What you will do:
In the listing below, locate the line containing "Состав: семена льна" and the line containing "- This is a". Output both of them and every line between, exactly as written, and nothing more.
=== Provided information ===
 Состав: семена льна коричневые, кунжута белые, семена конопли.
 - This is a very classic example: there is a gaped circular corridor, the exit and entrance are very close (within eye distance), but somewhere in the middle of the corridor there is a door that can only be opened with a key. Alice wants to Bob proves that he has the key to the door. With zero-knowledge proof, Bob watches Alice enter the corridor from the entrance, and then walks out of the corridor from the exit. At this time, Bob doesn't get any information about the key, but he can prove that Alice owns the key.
===
=== Provided information ===
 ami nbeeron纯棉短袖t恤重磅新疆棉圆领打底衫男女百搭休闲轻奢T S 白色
===
=== Provided information ===
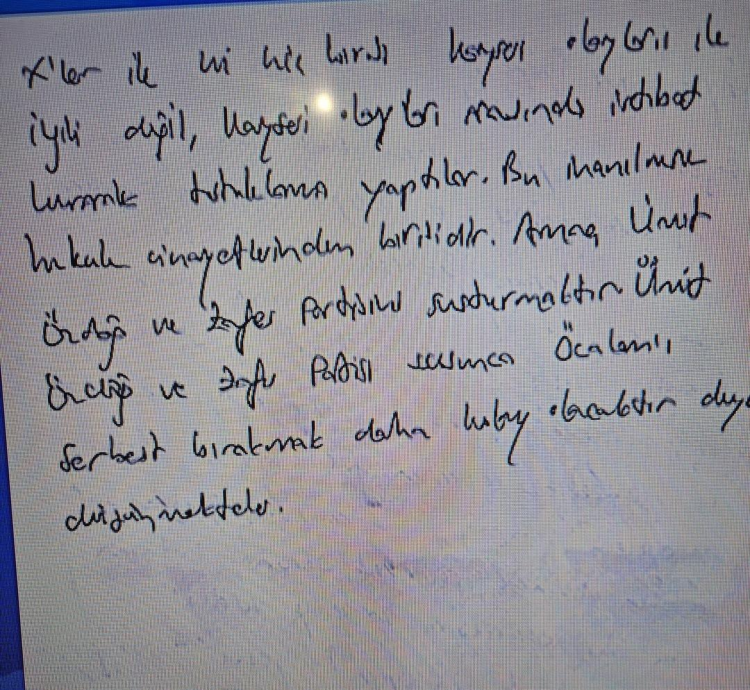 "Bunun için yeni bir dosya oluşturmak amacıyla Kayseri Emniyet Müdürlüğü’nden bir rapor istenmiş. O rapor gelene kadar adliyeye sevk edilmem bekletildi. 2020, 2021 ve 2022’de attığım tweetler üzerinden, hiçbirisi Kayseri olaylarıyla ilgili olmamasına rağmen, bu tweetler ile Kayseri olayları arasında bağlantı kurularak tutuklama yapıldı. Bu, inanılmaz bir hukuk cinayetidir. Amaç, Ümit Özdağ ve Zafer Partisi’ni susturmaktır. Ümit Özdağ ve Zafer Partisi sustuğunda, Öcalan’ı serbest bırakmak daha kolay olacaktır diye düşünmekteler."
===
Exercise result:
 Состав: семена льна коричневые, кунжута белые, семена конопли.
 - This is a very classic example: there is a gaped circular corridor, the exit and entrance are very close (within eye distance), but somewhere in the middle of the corridor there is a door that can only be opened with a key. Alice wants to Bob proves that he has the key to the door. With zero-knowledge proof, Bob watches Alice enter the corridor from the entrance, and then walks out of the corridor from the exit. At this time, Bob doesn't get any information about the key, but he can prove that Alice owns the key.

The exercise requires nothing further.